In the copy you make, keep each entry exactly as it is and leave out all images.

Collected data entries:
┌────────

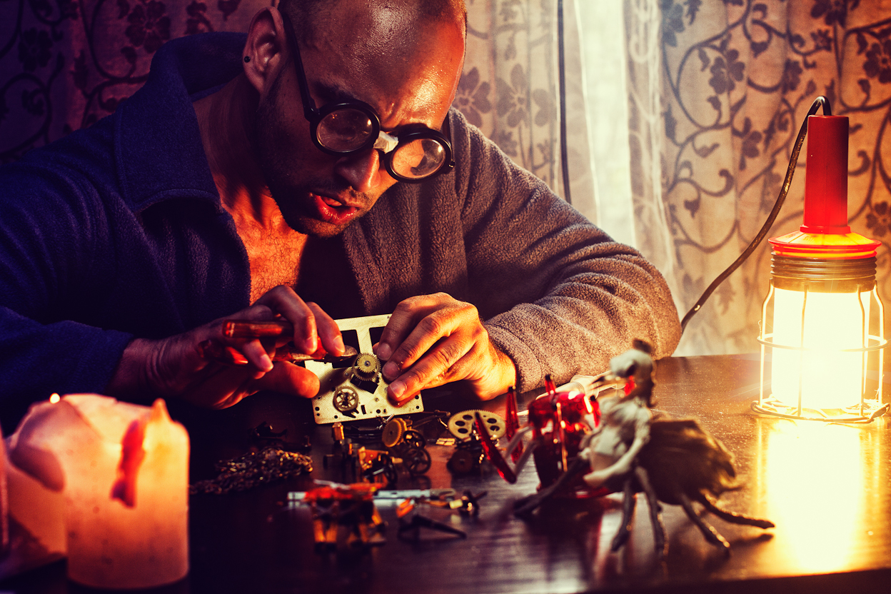 Zelf portret. Bij zelf portretten probeer ik altijd wat te leren. Hier wilde ik leren verschillende licht soorten balanceren. Zonlicht, Kaarlicht,Bouwlamp licht en flits licht. En zo leer ik mezelfs nieuwe dingen, door model te staan.
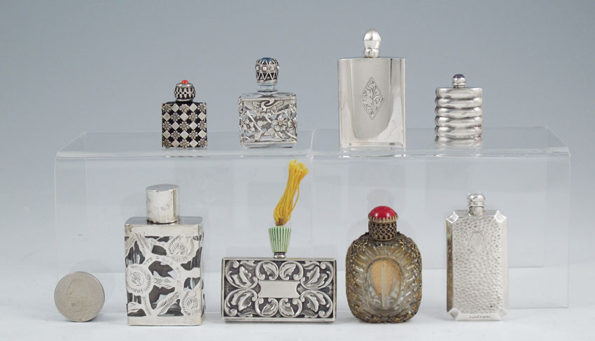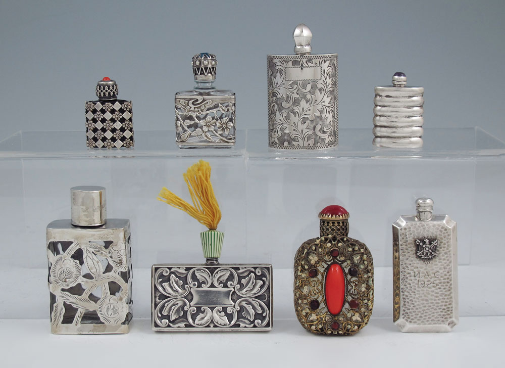 8 PIECE COLLECTION OF STERLING AND OVERLAY SCENT BOTTLES: To include 1) Illegibly marked Mexican sterling overlay, 2 1/2''. 2) Ribbed Mexican sterling with purple stone cabochon, 1 3/8'' h. 3) Continental 900 silver 1 7/8'' h. 4) 950 silver with engraved foliate design, 2 1/4'' h. 5) French black glass with metal overlay, red stone cabochon, 1 1/4'' h. 6) French clear glass with silver metal overlay, blue stone cabochon, 1 3/4'' h. 7) Czechoslovakian glass with gold toned filigree overlay, ruby glass and red stone decoration, 2 1/4'' h. 8) American silverplate with eagle ornament, engraved MAC 1925, 2 3/8'' h.
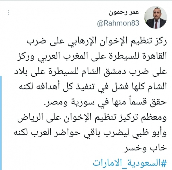 وأضاف أن: "معظم تركيز تنظيم الإخوان على الرياض وأبو ظبي ليضرب باقي حواضر العرب لكنه خاب وخسر"، مختتما بهاشتاج: "السعودية الإمارات".
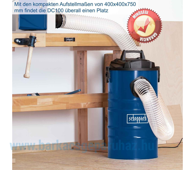A Scheppach DC 100 minden műhelyben hasznos. Megvédi gépeit, berendezéseit és önt a kellemetlen portól. Így növelve azok élettartamát. Azonban nem mindenkinek áll rendelkezésére a műhelyében annyi hely, vagy nincs lehetősége, hogy el tudjon ott helyezni egy nagyméretű elszívót, erre kiválóan alkalmas ez a kis méretű elszívó.
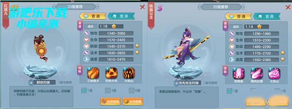 这个铁山公主是紫色的相对容易获得,红孩儿建议商店兑换,召唤的话不一定必出的。红孩儿的“三昧真火”有47%几率附带“灼烧”效果,而铁扇公主的技能是优先攻击“灼烧”目标,且对于“灼烧”目标有50%的几率再出手一次,两者都带有对“灼烧”有克制作用的“压制”,且“灼烧”本身就会处于持续掉血状态。这2个组合同等条件下,估计2回合就能让对面的都躺了。速度方面六耳猕猴要先出手,不过六耳猕猴是ss+的,速度属性上就要高于铁扇公主,一般情况先不用刻意调整速度就可以保证六耳猕猴先出手。
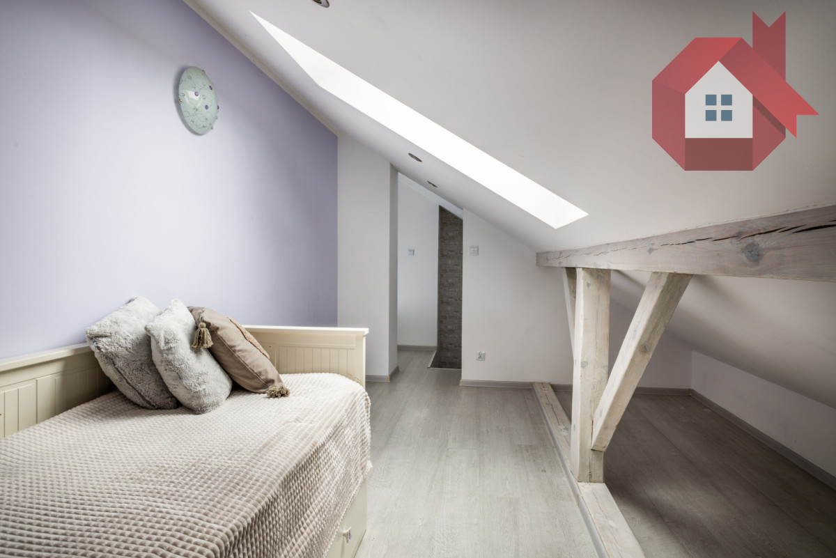 Na drewnianej antresoli z imponującym sufitem i krokwiami:- sypialnię główną z łóżkiem małżeńskim oraz oknami umożliwiającymi podziwianie wschodów słońca i rozgwieżdżonego nieba nocą - bezcenne!

└────────

# Final answer:
 Zelf portret. Bij zelf portretten probeer ik altijd wat te leren. Hier wilde ik leren verschillende licht soorten balanceren. Zonlicht, Kaarlicht,Bouwlamp licht en flits licht. En zo leer ik mezelfs nieuwe dingen, door model te staan.
 8 PIECE COLLECTION OF STERLING AND OVERLAY SCENT BOTTLES: To include 1) Illegibly marked Mexican sterling overlay, 2 1/2''. 2) Ribbed Mexican sterling with purple stone cabochon, 1 3/8'' h. 3) Continental 900 silver 1 7/8'' h. 4) 950 silver with engraved foliate design, 2 1/4'' h. 5) French black glass with metal overlay, red stone cabochon, 1 1/4'' h. 6) French clear glass with silver metal overlay, blue stone cabochon, 1 3/4'' h. 7) Czechoslovakian glass with gold toned filigree overlay, ruby glass and red stone decoration, 2 1/4'' h. 8) American silverplate with eagle ornament, engraved MAC 1925, 2 3/8'' h.
 وأضاف أن: "معظم تركيز تنظيم الإخوان على الرياض وأبو ظبي ليضرب باقي حواضر العرب لكنه خاب وخسر"، مختتما بهاشتاج: "السعودية الإمارات".
A Scheppach DC 100 minden műhelyben hasznos. Megvédi gépeit, berendezéseit és önt a kellemetlen portól. Így növelve azok élettartamát. Azonban nem mindenkinek áll rendelkezésére a műhelyében annyi hely, vagy nincs lehetősége, hogy el tudjon ott helyezni egy nagyméretű elszívót, erre kiválóan alkalmas ez a kis méretű elszívó.
 这个铁山公主是紫色的相对容易获得,红孩儿建议商店兑换,召唤的话不一定必出的。红孩儿的“三昧真火”有47%几率附带“灼烧”效果,而铁扇公主的技能是优先攻击“灼烧”目标,且对于“灼烧”目标有50%的几率再出手一次,两者都带有对“灼烧”有克制作用的“压制”,且“灼烧”本身就会处于持续掉血状态。这2个组合同等条件下,估计2回合就能让对面的都躺了。速度方面六耳猕猴要先出手,不过六耳猕猴是ss+的,速度属性上就要高于铁扇公主,一般情况先不用刻意调整速度就可以保证六耳猕猴先出手。
 Na drewnianej antresoli z imponującym sufitem i krokwiami:- sypialnię główną z łóżkiem małżeńskim oraz oknami umożliwiającymi podziwianie wschodów słońca i rozgwieżdżonego nieba nocą - bezcenne!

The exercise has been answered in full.